O presidente do Paraguai, Fernando Lugo, elegeu-se em 2008 com a promessa de arrancar alguns trocados do Brasil, mas a prática de subestimar o PIB não é uma invenção dele: existe há pelo menos trinta anos.

Um exemplo de como a falsificação das estatísticas oficiais é usada para atrair a caridade internacional é o Focem, um fundo do Mercosul cuja finalidade é ajudar seus membros a fazer obras de infraestrutura. O Paraguai contribui com apenas 1% do fundo, mas tem direito a metade do dinheiro, quase 50 milhões de dólares por ano.

O tamanho da economia e o grau de desenvolvimento do país beneficiado são um dos principais critérios para a distribuição do recurso. Ao se fazer passar por pobre, o Paraguai também consegue adiar a adesão à tarifa externa comum do Mercosul. Com isso, os produtos importados da China, por exemplo, são mais baratos no Paraguai do que no Brasil. A adoção da tarifa comum levaria ao fim do comércio de sacoleiros em Ciudad del Este, na fronteira com Foz do Iguaçu.

O argumento do vizinho pobre foi usado por Fernando Lugo para convencer o presidente Lula a dar uma nova esmolinha: o aumento do valor pago pela energia da hidrelétrica de Itaipu. O projeto de lei que triplica o preço da eletricidade a que o Paraguai tem direito, não consome e por isso exporta para o Brasil já está sendo analisado por três comissões do Congresso Nacional e pode ser votado ainda neste ano.

A nova lei brasileira aumentaria de 120 milhões para 360 milhões de dólares anuais o valor pago pelo Brasil ao Paraguai. O autor do projeto, o deputado Doutor Rosinha (PT-PR), não encontrou explicação técnica para aumentar o preço da energia de Itaipu, mas confirmou o caráter filantrópico da medida:

“Esses 240 milhões de dólares adicionais podem fazer grande diferença num país ainda muito pobre como é o Paraguai”, diz o texto de justificativa da lei. Muito pobre? Não é o que diz a Pesquisa Permanente de Lares, feita pe-lo governo paraguaio em 2008. O levantamento revelou que a renda das famílias paraguaias é de 17,9 bilhões de dólares.

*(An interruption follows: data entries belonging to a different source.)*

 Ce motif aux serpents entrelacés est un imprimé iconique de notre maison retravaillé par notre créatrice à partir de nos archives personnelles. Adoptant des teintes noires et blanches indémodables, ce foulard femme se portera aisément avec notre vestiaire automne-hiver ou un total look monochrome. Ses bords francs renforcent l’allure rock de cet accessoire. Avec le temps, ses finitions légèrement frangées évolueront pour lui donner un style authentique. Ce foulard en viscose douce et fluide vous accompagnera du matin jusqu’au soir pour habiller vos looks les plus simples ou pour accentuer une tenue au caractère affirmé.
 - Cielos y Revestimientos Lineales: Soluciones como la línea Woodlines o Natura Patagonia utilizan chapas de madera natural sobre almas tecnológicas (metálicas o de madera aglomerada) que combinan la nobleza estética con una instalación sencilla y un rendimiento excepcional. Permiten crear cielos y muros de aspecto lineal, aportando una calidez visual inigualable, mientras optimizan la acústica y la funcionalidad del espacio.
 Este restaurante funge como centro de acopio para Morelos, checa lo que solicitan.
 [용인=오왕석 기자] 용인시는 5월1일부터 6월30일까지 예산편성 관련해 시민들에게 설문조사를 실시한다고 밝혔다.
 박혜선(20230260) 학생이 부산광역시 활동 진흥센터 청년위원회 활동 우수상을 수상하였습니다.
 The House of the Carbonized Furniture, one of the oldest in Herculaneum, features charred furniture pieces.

O fato de os rendimentos familiares serem superiores ao PIB oficial comprova que o tamanho da economia paraguaia é subestimado. Caso contrário, os salários pagos no país teriam de ser mais altos do que o valor de todos os bens produzidos e serviços prestados pelos trabalhadores. Trata-se, portanto, de uma aberração estatística.

Há diversas maneiras de estimar o verdadeiro PIB paraguaio. Se for incluído na conta um conjunto de critérios como a posse de bens duráveis e a renda das famílias, o PIB pode chegar a 38,4 bilhões de dólares, segundo Weber.

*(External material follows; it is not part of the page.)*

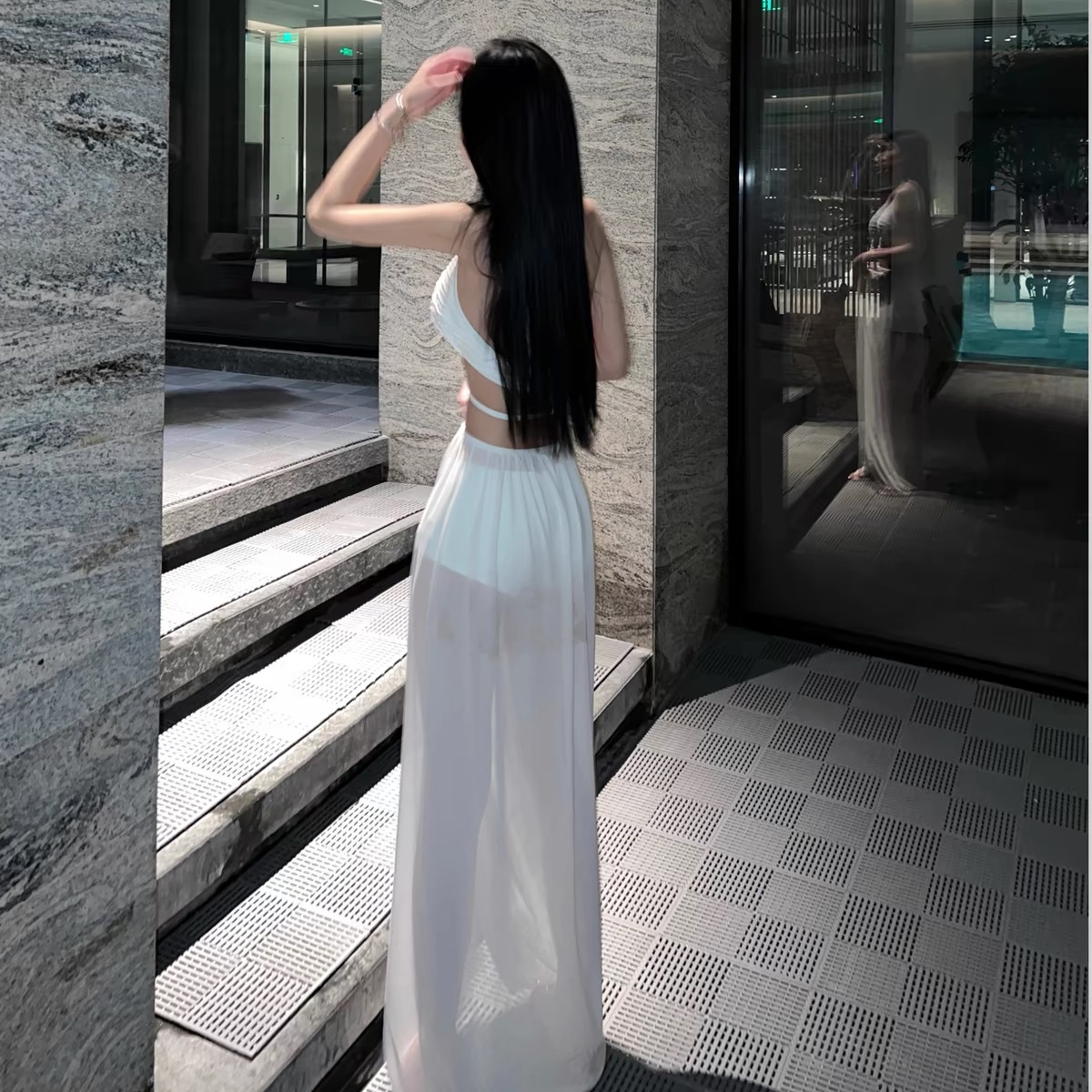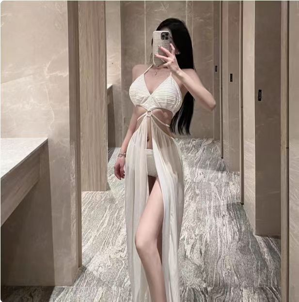 화이트 스플릿 비키니 수영복 여성용 투피스 세트 온천 휴가 작은 가슴 섹시한 뜨거운 소녀 큰 가슴 하이 엔드 해변스토어 가기

O Paraguai é o único país no continente americano que não possui um instituto nacional de estatísticas, como o IBGE brasileiro. O PIB é calculado pelo banco central com base em critérios diferentes dos aceitos internacionalmente.

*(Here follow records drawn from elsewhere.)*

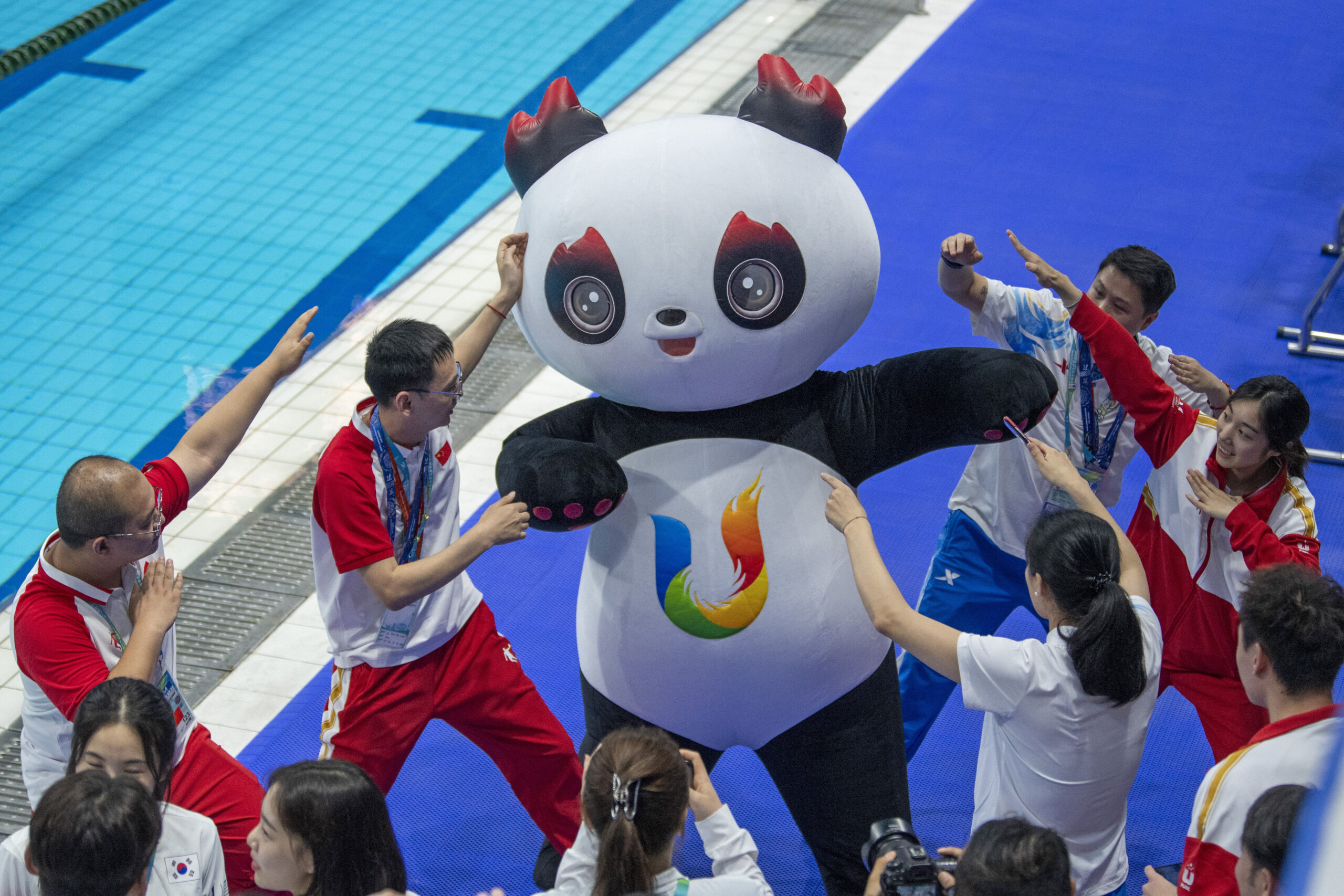 8月8日,第31届世界大学生夏季运动会竞赛日程正式迎来收官。成都大运会期间,憨态可掬的吉祥物“蓉宝”无疑是赛场内的“显眼包”,频频出现在各个比赛场馆与观众卖萌互动,成为除赛场上运动员外最受关注的“顶流”之一。图为8月7日,在成都大运会跳水比赛结束后,运动员、教练员等与“蓉宝”合影互动。
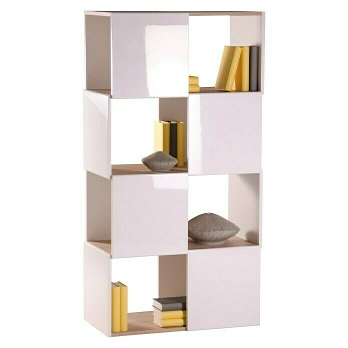Das Regal Matrix von Phönix eignet sich um Wohnbereiche effektiv voneinander abzutrennen oder zur Nutzung als Regal. Es bietet auf vier Böden Stauraum für Bücher oder Dekoartikel. Die Fächerböden bestehen aus melaminbeschichteten Spanplatten, welche in Eiche Sägerau gehalten sind und zusammen mit der lackierten Front in weiß einen harmonischen Kontrast setzen. Die versetzte Anordnung der Fächer runden das Design ab.
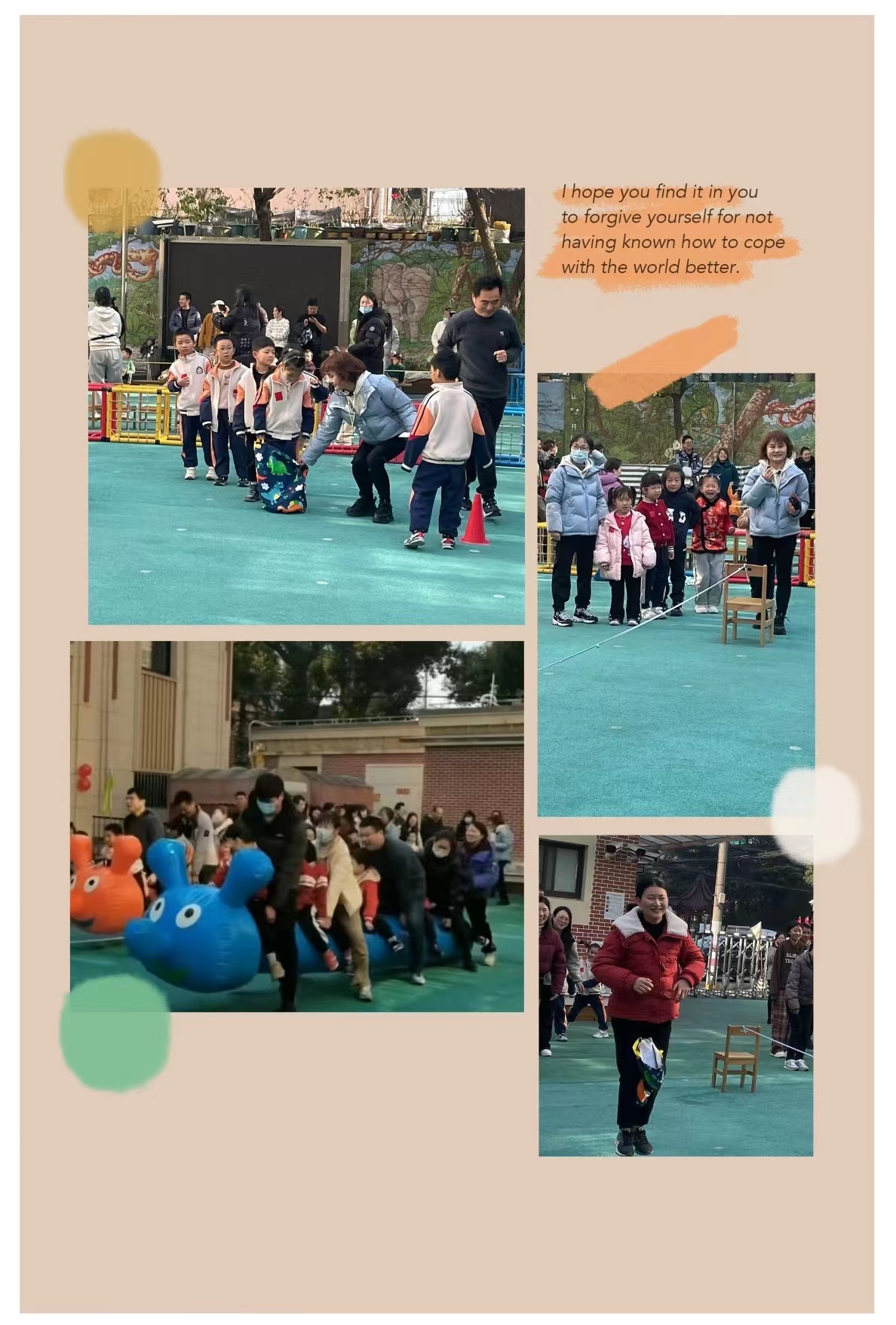 第二篇章,“大手牵小手快乐趣游戏”亲子运动会。在园长妈妈的致辞声中亲子“迷你马拉松”拉开了序幕……通过运动会,希望宝贝们养成坚持、耐心和勇敢的品质,磨练意志,强健体魄。

Um exemplo: a produção de energia das hidrelétricas de Yacyretá, na fronteira com a Argentina, e Itaipu não é contabilizada. As usinas são classificadas pelo banco central como organismos internacionais, e não como empresas públicas. Só esse truque reduz em 2 bilhões de dólares o cálculo do PIB. A maquiagem é ruim para o país porque, sem estatísticas confiáveis, é impossível fazer previsões econômicas e acertar nos investimentos.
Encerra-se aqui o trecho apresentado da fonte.